- What the task asks -
Copy everything in the data below exactly except the pictures.
====== The data
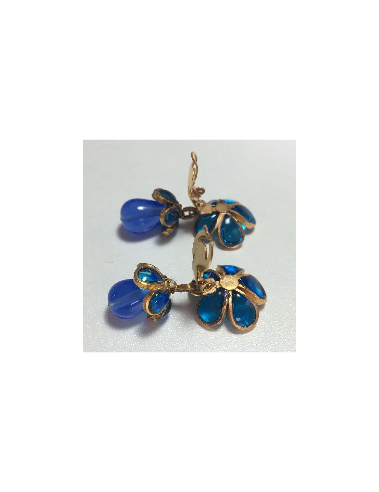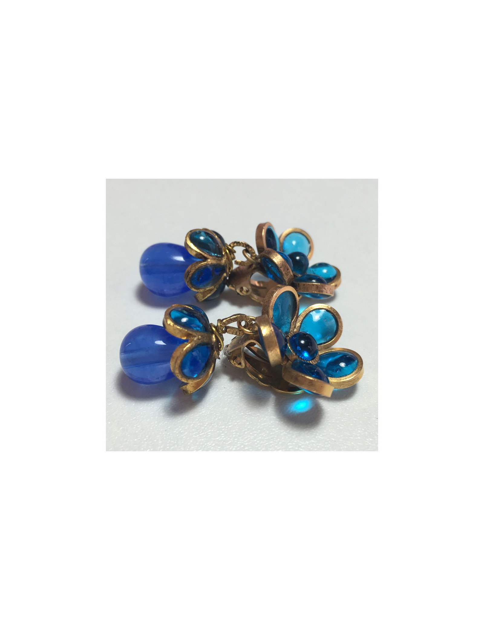 Boucles d'oreille clips d'oreilles Marguerite de Valois en pâte de verre bleue et métal doré à l'or fin. Fleurette et perle goutte en pâte de verre. Bijou Couture vintage.
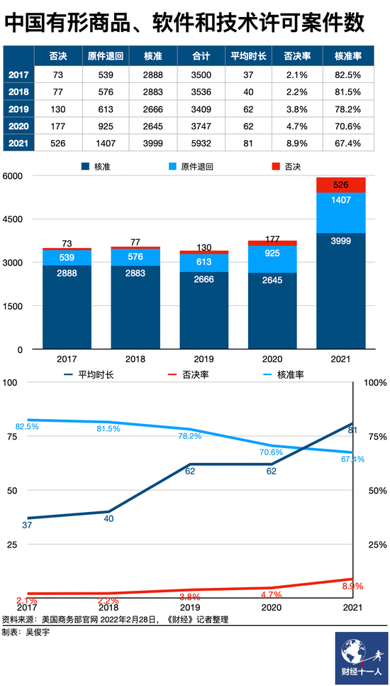 《财经十一人》查阅美国商务部官网对华贸易分析文件了解到,2017年-2021年,来自中国的商品、软件、技术许可案件数量近5年来缓步上升。但核准率从2017年的82.5%下降到了2021年的67.4%,且平均审核时长从2017年的37天逐渐演变为2021年的81天。
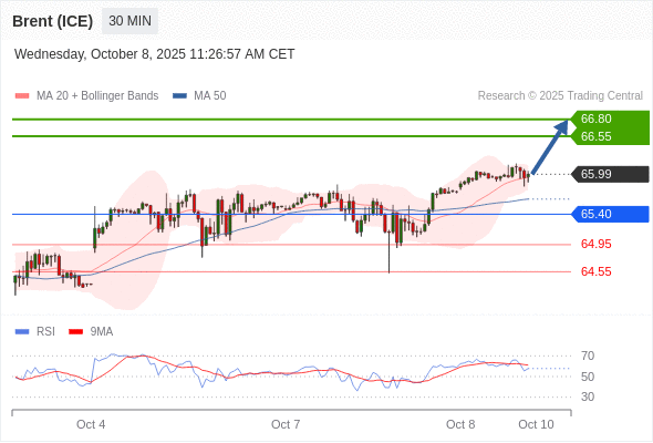 在 65.40 之上,看涨,目标价位为 66.55 ,然后为 66.80 。
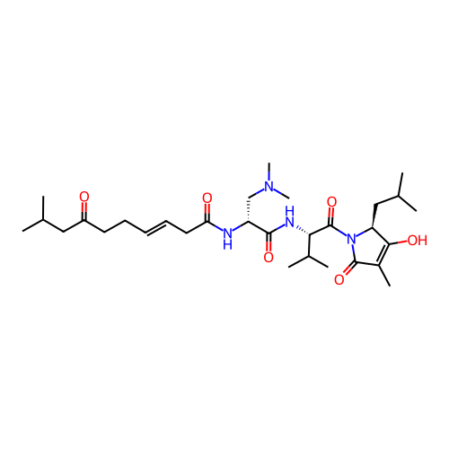 | SMILES | CC1=C(O)[C@H](CC(C)C)N(C(=O)[C@@H](NC(=O)[C@@H](CN(C)C)NC(=O)C/C=C/CCC(=O)CC(C)C)C(C)C)C1=O |
============
- Solution to the exercise -
 Boucles d'oreille clips d'oreilles Marguerite de Valois en pâte de verre bleue et métal doré à l'or fin. Fleurette et perle goutte en pâte de verre. Bijou Couture vintage.
 《财经十一人》查阅美国商务部官网对华贸易分析文件了解到,2017年-2021年,来自中国的商品、软件、技术许可案件数量近5年来缓步上升。但核准率从2017年的82.5%下降到了2021年的67.4%,且平均审核时长从2017年的37天逐渐演变为2021年的81天。
 在 65.40 之上,看涨,目标价位为 66.55 ,然后为 66.80 。
 | SMILES | CC1=C(O)[C@H](CC(C)C)N(C(=O)[C@@H](NC(=O)[C@@H](CN(C)C)NC(=O)C/C=C/CCC(=O)CC(C)C)C(C)C)C1=O |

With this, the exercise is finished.